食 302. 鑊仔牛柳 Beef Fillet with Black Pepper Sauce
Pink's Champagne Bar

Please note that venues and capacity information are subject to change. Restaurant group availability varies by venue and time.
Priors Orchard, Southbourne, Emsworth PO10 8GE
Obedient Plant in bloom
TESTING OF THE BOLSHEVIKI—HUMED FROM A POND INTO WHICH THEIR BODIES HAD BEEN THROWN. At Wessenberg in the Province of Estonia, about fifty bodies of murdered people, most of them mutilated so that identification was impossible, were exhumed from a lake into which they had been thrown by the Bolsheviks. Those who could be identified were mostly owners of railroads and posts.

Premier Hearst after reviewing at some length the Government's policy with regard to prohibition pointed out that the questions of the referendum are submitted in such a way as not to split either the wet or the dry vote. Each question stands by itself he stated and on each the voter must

* * *

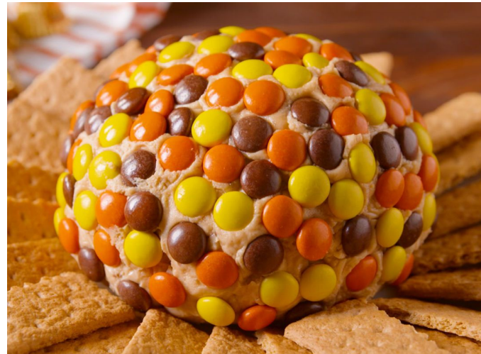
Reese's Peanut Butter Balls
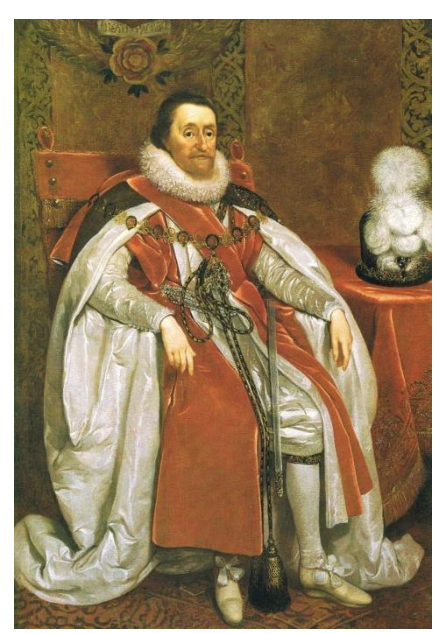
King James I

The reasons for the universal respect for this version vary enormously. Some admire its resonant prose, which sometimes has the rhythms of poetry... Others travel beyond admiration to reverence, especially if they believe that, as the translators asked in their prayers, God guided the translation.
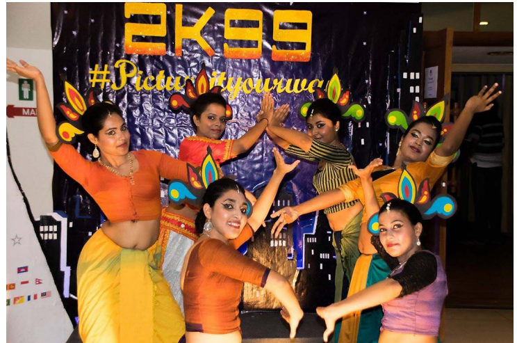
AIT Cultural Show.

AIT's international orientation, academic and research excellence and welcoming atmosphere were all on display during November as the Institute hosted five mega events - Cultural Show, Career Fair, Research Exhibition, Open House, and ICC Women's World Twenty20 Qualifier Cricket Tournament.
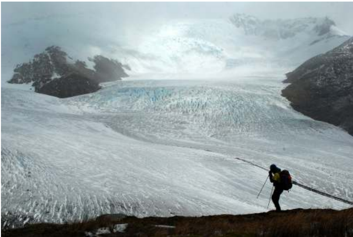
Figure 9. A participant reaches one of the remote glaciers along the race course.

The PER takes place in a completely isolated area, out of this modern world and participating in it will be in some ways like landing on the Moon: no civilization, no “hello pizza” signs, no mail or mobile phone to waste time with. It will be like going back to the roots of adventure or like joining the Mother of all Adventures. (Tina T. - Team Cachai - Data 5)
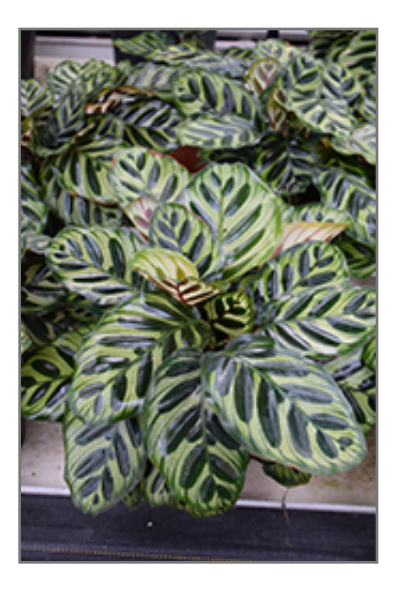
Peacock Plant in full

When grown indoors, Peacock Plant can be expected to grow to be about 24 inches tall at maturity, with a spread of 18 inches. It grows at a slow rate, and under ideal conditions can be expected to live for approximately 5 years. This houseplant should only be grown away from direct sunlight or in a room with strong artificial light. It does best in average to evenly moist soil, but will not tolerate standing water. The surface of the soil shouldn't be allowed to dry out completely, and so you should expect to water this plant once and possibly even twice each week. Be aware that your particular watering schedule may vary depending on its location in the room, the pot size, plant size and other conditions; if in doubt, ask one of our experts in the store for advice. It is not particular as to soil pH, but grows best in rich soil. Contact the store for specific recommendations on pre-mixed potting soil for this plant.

* * *

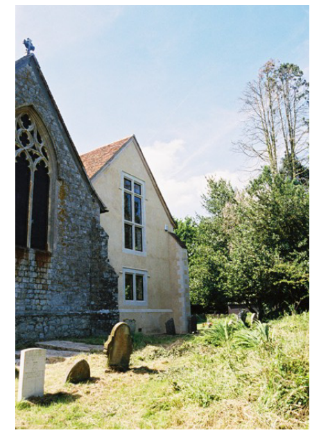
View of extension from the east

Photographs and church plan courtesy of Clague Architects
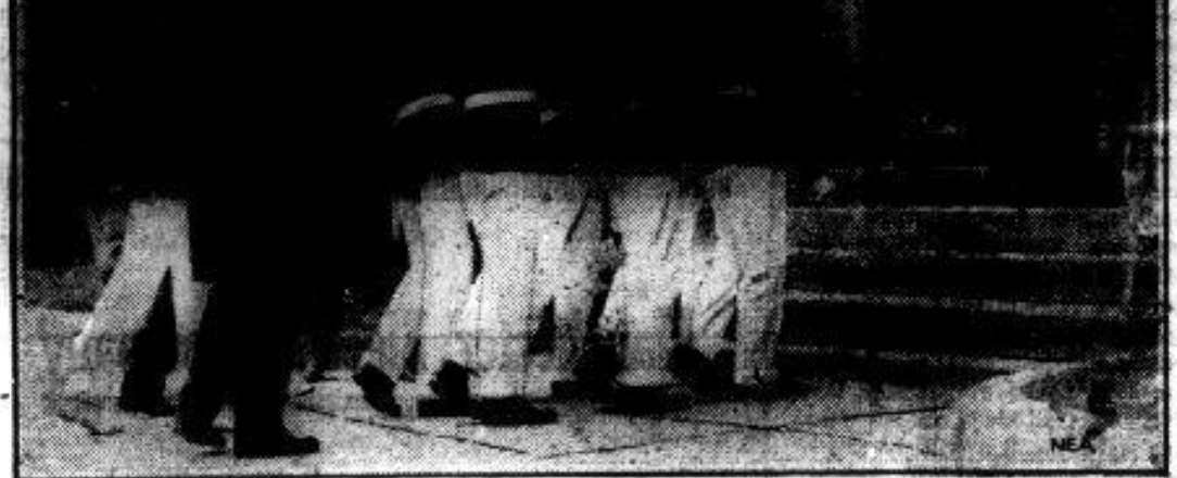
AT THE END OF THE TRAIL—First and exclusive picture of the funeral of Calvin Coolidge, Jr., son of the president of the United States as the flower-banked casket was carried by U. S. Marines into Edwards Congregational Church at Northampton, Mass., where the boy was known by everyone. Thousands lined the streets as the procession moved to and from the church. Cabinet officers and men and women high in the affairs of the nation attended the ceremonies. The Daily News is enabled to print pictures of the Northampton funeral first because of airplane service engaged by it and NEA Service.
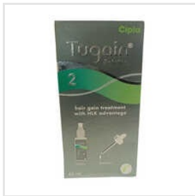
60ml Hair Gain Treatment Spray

Task to complete: The string "Cultural" appears on some lines of the data above; report how many such lines there are, as a bare number.

Output for this task: 2